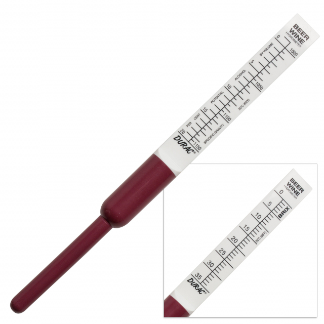Achieve perfect beer brewing and wine making results with DURAC Triple Scale Beer and Wine Hydrometers. Includes three scales, Specific Gravity, Potential Alcohol by Volume (PAV), and Brix, that provide invaluable data points when crafting beer, wine, kombucha, mead, cider, and more in either a commercial or home brew setting.
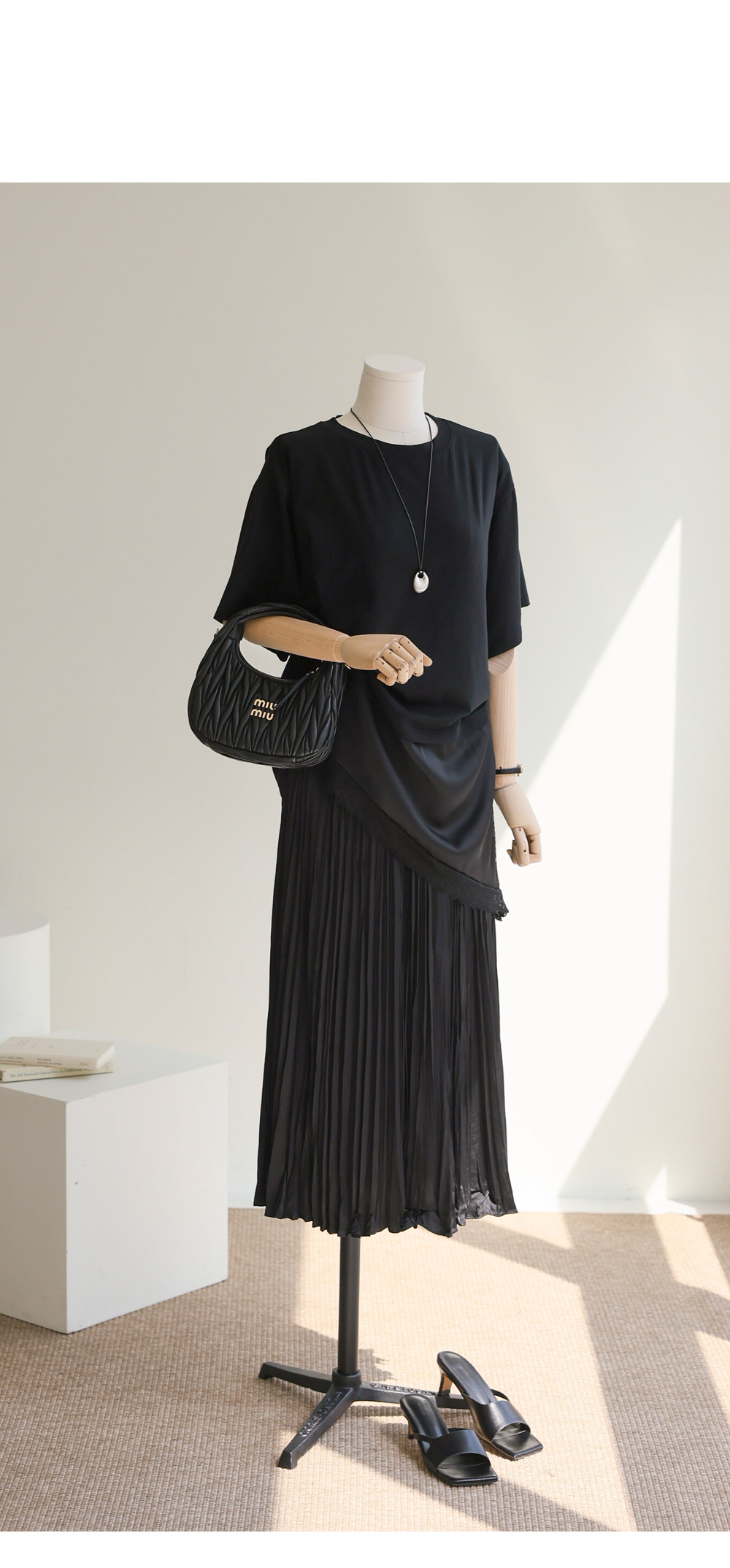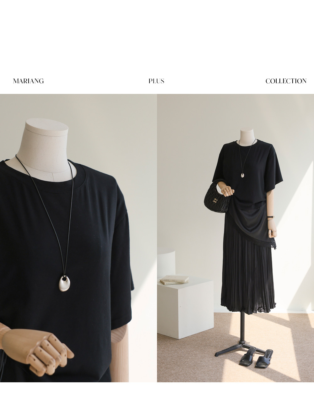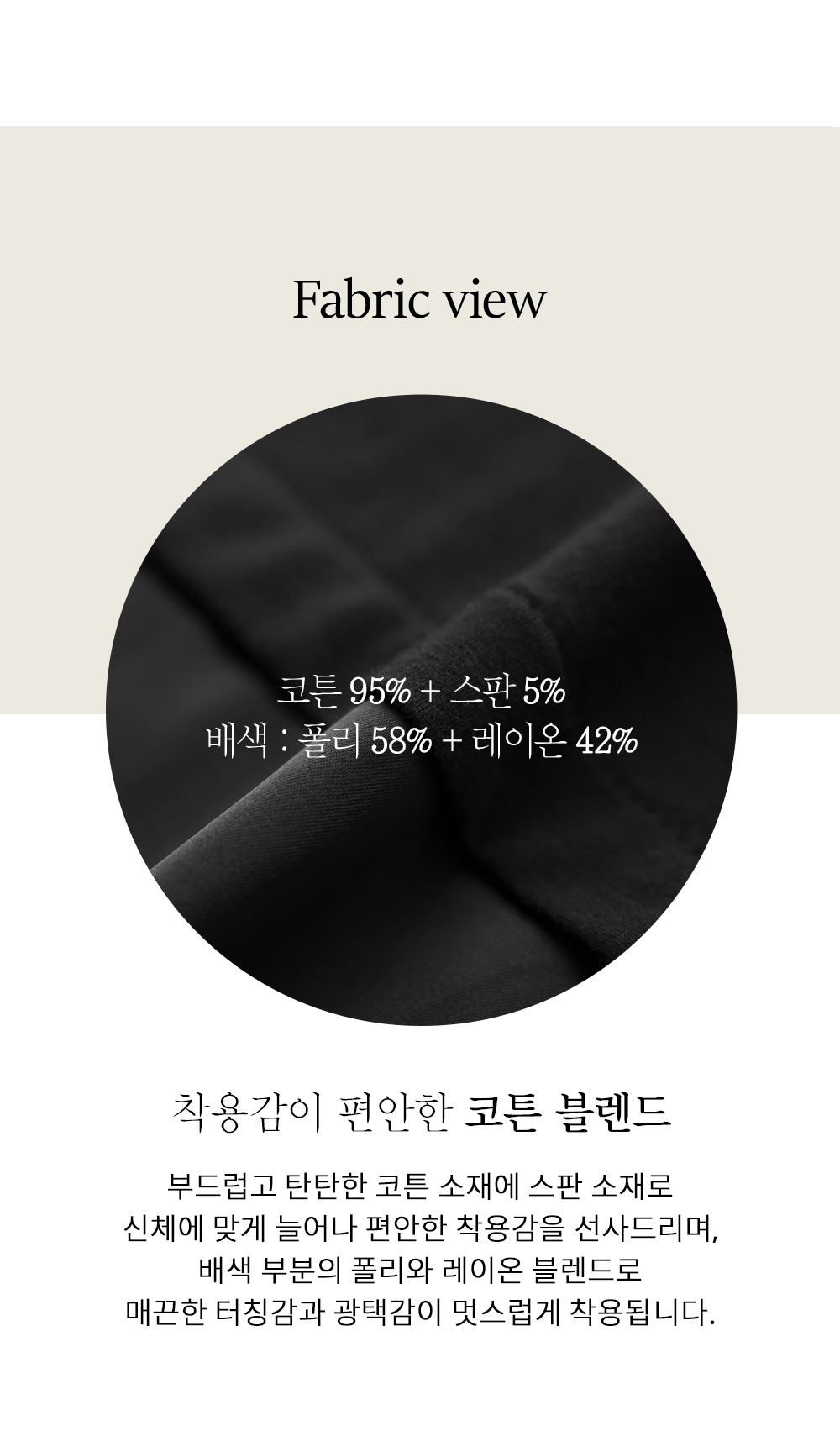 피부에 닿는 바디 부분은 부드러운 터칭감과 기분 좋은 신축성을 가진 코튼과 스판 소재를 혼방하여 장시간 착용에도 몸에 붙지 않고 쾌적함을 유지해 줘요. 밑단의 배색 부분은 탄탄하면서도 매끄러운 실키함이 느껴지는 폴리소재 블렌드로 구김 걱정을 덜어주며 은은하게 빛나는 광택감이 전체적인 룩의 품격을 한 층 더 높여준답니다. ![]() MD가 답하는 안심 Q&A
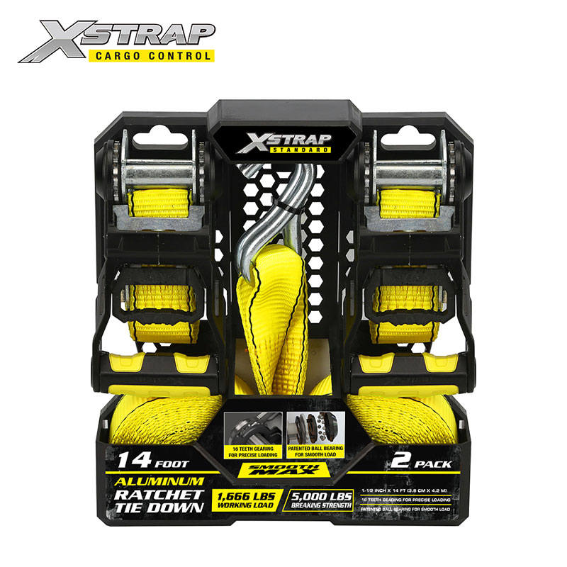 Estas son nuestras correas de trinquete de 1-1/2 pulgada con Ganchos J dobles. Este producto ha recibido grandes elogios de los clientes por su apariencia elegante y su tecnología patentada única.
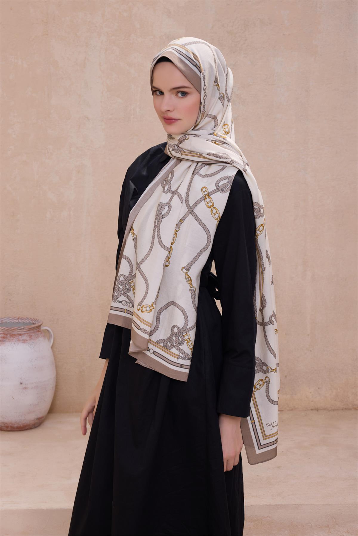 Zincir desen dokunuşu parçanın seçkin duruşunu destekler. Konfor ve zarafeti aynı potada toplayan bu şal, kaliteli kumaş ve özenli doku birlikteliğiyle öne çıkar. Uzun ömürlü kullanım için hassas bakım önerilir. Krem-bej tonları, minimal ve klasik çizgileri rahatça tamamlar. Serin akşamlarda ince katmanlar üzerinde zarif bir tamamlayıcıdır. Şal tercih edenler için formunu koruyan dengeli bir alternatif oluşturur.
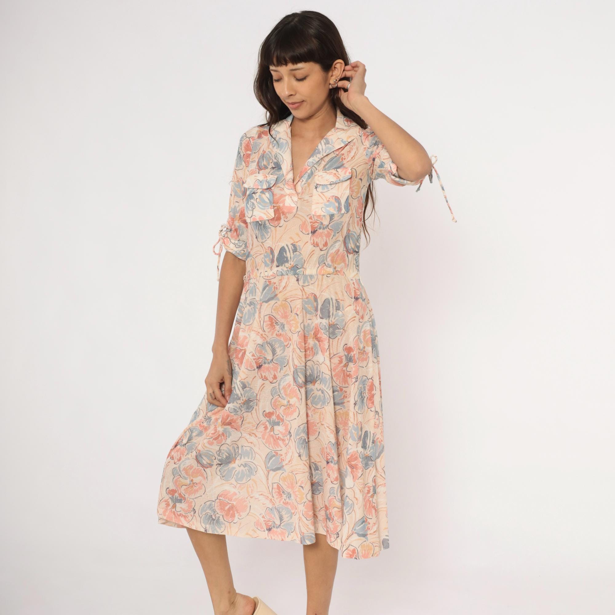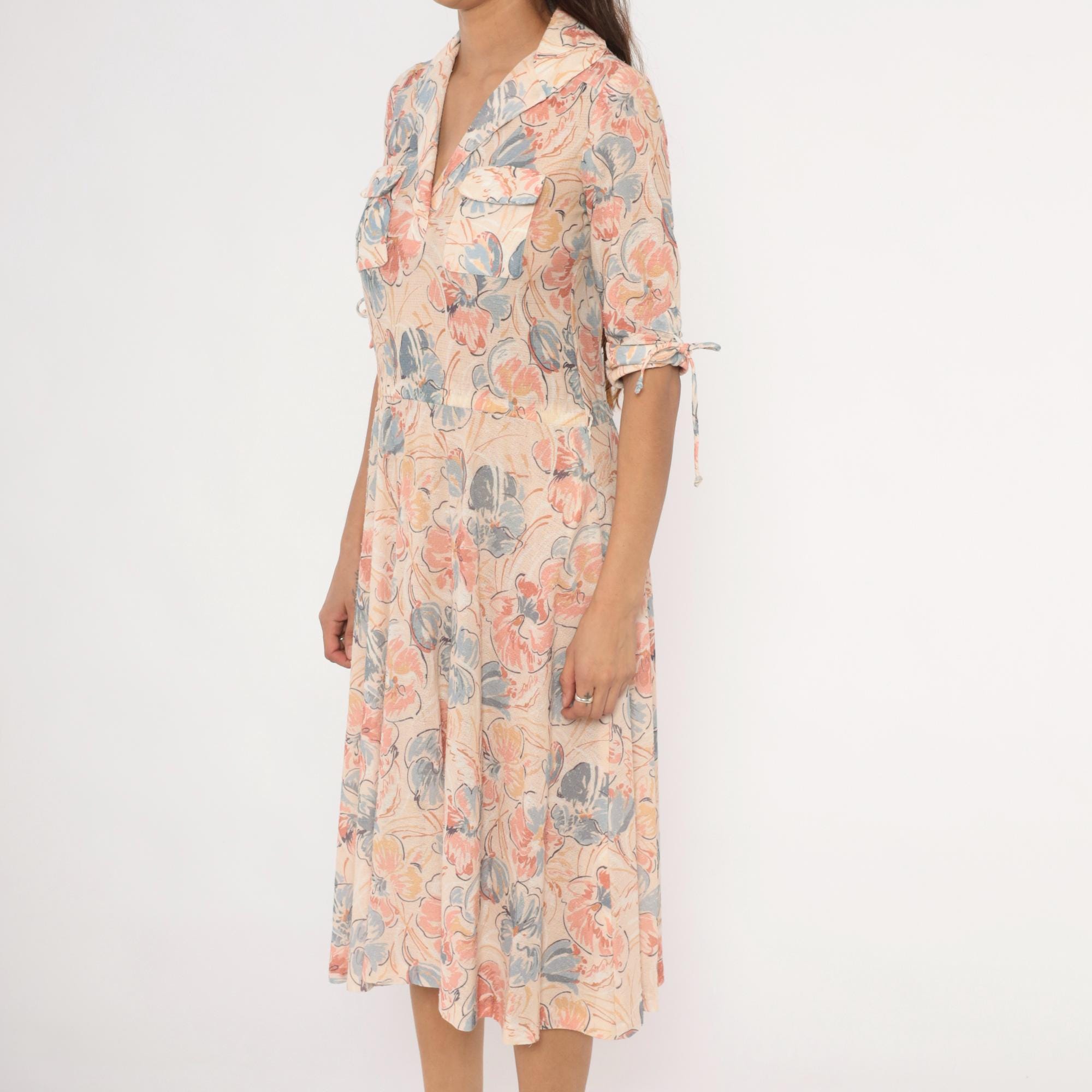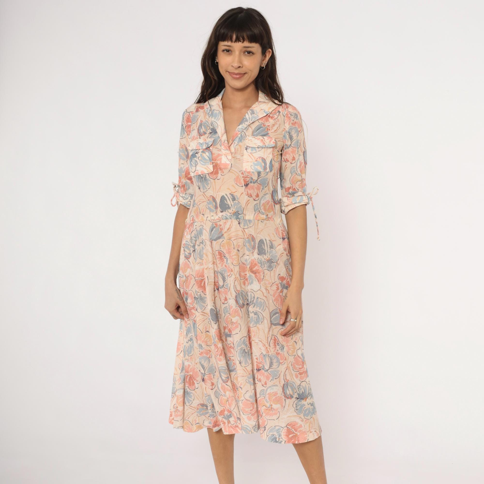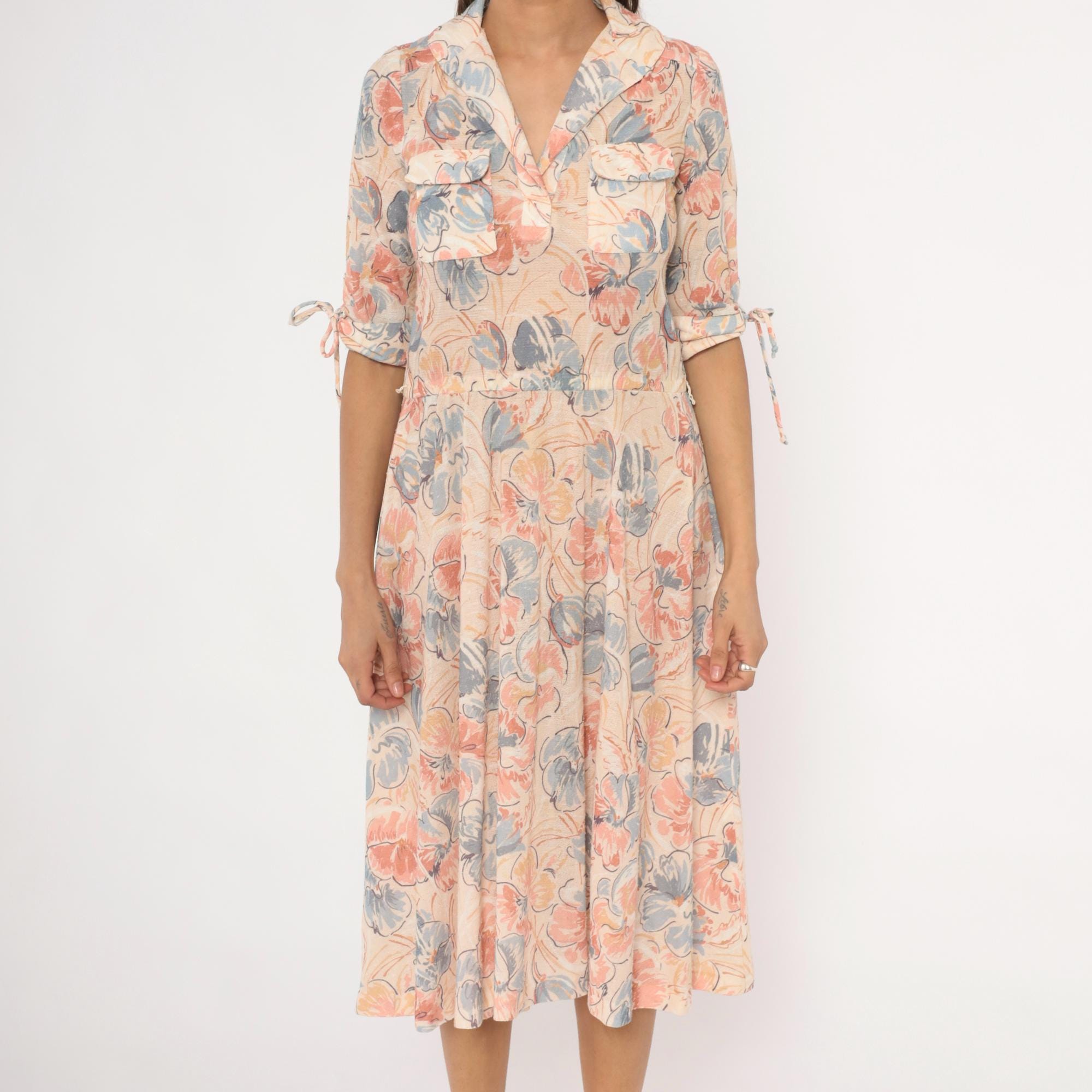 Watercolor floral midi dress in blush, dusty blue, and peach tones on a cream base, with a notched lapel collar and V neckline. Half sleeves with fabric tie details at the cuffs, two front flap chest pockets, and a fitted waist with an A-line skirt.

**EXERCISE**
Print exactly the lines between the line containing "Zincir desen dokunuşu" and the last line of the entries above, including both, and nothing besides; skip the pictures.

**EXPECTED ANSWER**
 Zincir desen dokunuşu parçanın seçkin duruşunu destekler. Konfor ve zarafeti aynı potada toplayan bu şal, kaliteli kumaş ve özenli doku birlikteliğiyle öne çıkar. Uzun ömürlü kullanım için hassas bakım önerilir. Krem-bej tonları, minimal ve klasik çizgileri rahatça tamamlar. Serin akşamlarda ince katmanlar üzerinde zarif bir tamamlayıcıdır. Şal tercih edenler için formunu koruyan dengeli bir alternatif oluşturur.
 Watercolor floral midi dress in blush, dusty blue, and peach tones on a cream base, with a notched lapel collar and V neckline. Half sleeves with fabric tie details at the cuffs, two front flap chest pockets, and a fitted waist with an A-line skirt.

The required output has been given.